Venue: TAIWAN, NTUH International Convention Center
Date: 19th July, 2024 (10AM-5PM)
Chairperson: Prof. Kazuhiko FUKATSU, The University of Tokyo Hospital
Co-chairperson: Prof. Ming-Tsan LIN, National Taiwan University Hospital
Speaker:
Prof. Yasutomi KAMEI, Kyoto Prefectural University
Prof. Nobuaki SHIRAKI, Tokyo Institute of Technology
Dr. Takato SASAKI, University of Tsukuba Hospital
Prof. Kuo Kung-Kai : Kaohsiung Medical University
Dr. Wu Jin-Ming:National Taiwan University Hospital
Prof. Hou Yu-Chen:Taipei Medical University
Will be held under co-sponsorship of Taiwan Society for Surgical Metabolism and Nutrition
Will be supported by ICAAS
Registration fee: 10,000 Japanese yen for attendees from Japan
20 US$ for attendees from Taiwan
Visit to National Taiwan University Hospital is scheduled on 20th July, 2024 for
Japanese attendees.
Amino acids and skeletal muscle function
Yasutomi Kamei
Laboratory of Molecular Nutrition, Graduate School of Life and Environmental Sciences, Kyoto Prefectural University
(E-mail: kamei@kpu.ac.jp)
The skeletal muscle is the largest organ of the human body and plays important roles in exercise, energy expenditure and glucose/amino acid metabolism. Appropriate exercise coupled with sufficient nutrition results in an increase in muscle mass. In contrast, various conditions, such as bedrest, aging, cancer, and other diseases, lead to muscle atrophy, which decreases energy expenditure (leading to obesity), decreases glucose uptake and increases blood glucose (resulting in diabetes), and decreases quality-of-life.

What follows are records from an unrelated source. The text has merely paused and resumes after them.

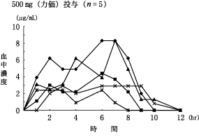 健康成人に、セファレキシン複合顆粒500mg(力価)(n=5)を食後単回経口投与したときの血中濃度及び薬物動態パラメータを図16-1及び表16-1に示す2)。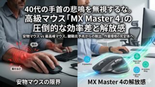 最高の椅子や昇降デスクを揃え、完璧な作業環境を作り上げたはずなのに、夕方になると右手の「手首」だけがジンジンと重だるくなっていませんか?厳しいことを言いますが、安物マウスを使い続けるのは、100m走をスリッパで走るようなものです。どれだけ良...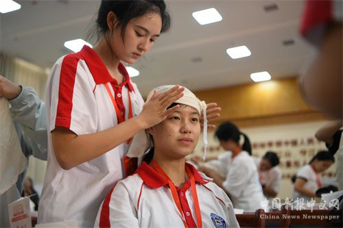 2023年8月31日,贵州省凯里市红十字会开展应急救护技能集训,学生在练习包扎技能。(杨仁海 摄)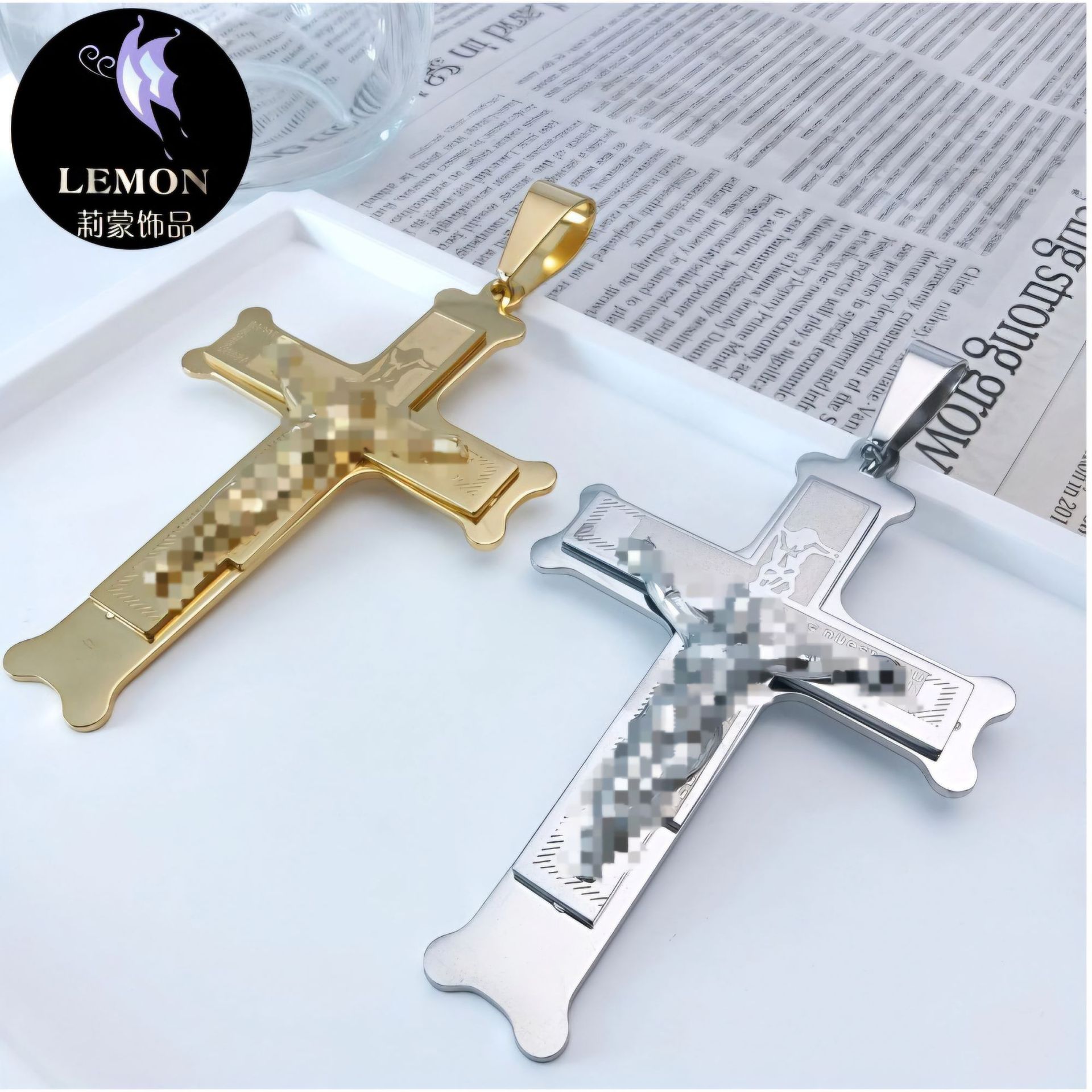 Factory Ready Stock Amazon Aliexpress Labeling and Delivery Titanium Steel Stainless Steel Cross Pendant Necklace Jewelry Jewelry

We have been investigating the role of a transcription factor FOXO1 in metabolic regulation of the skeletal muscles. In particular, based on the observation that FOXO1 gene expression is induced by energy deprivation, we produced transgenic mice that overexpress FOXO1 and found that they exhibit muscle atrophy. In addition to FOXO1, transcriptional coactivators PGC1s are important for muscle metabolism. PGC1α expression increases in the skeletal muscles upon exercise, which leads to an increase in mitochondrial numbers in the skeletal muscles and red/slow fiber formation. Thus, we are investigating the detailed mechanisms of muscle metabolism, including amino acid metabolism, in vivo and in vitro, with focus on FOXO1 and PGC1α/PGC1β as key regulators. We hope that the mechanisms underlying the prevention of atrophy and dysfunction of the skeletal muscle will thereby be clarified, coupled to an increased understanding of the utility of functional foods for the prevention and/or alleviation of these conditions.
Methionine and Zinc: Key Regulators of Pluripotent Stem Cell Differentiation
Nobuaki Shiraki
Recent advances in biology heavily rely on cell culture technology. Basic and clinical research using cell culture is conducted in many fields, including drug discovery research, vaccine development, biopharmaceutical production, and regenerative medicine. In regenerative medicine, optimal differentiation media is required to differentiate target cells from stem cells efficiently. This medium consists of a basal media containing nutrients such as amino acids, sugars, vitamins, and trace elements, as well as growth factors and signal stimulants/inhibitors.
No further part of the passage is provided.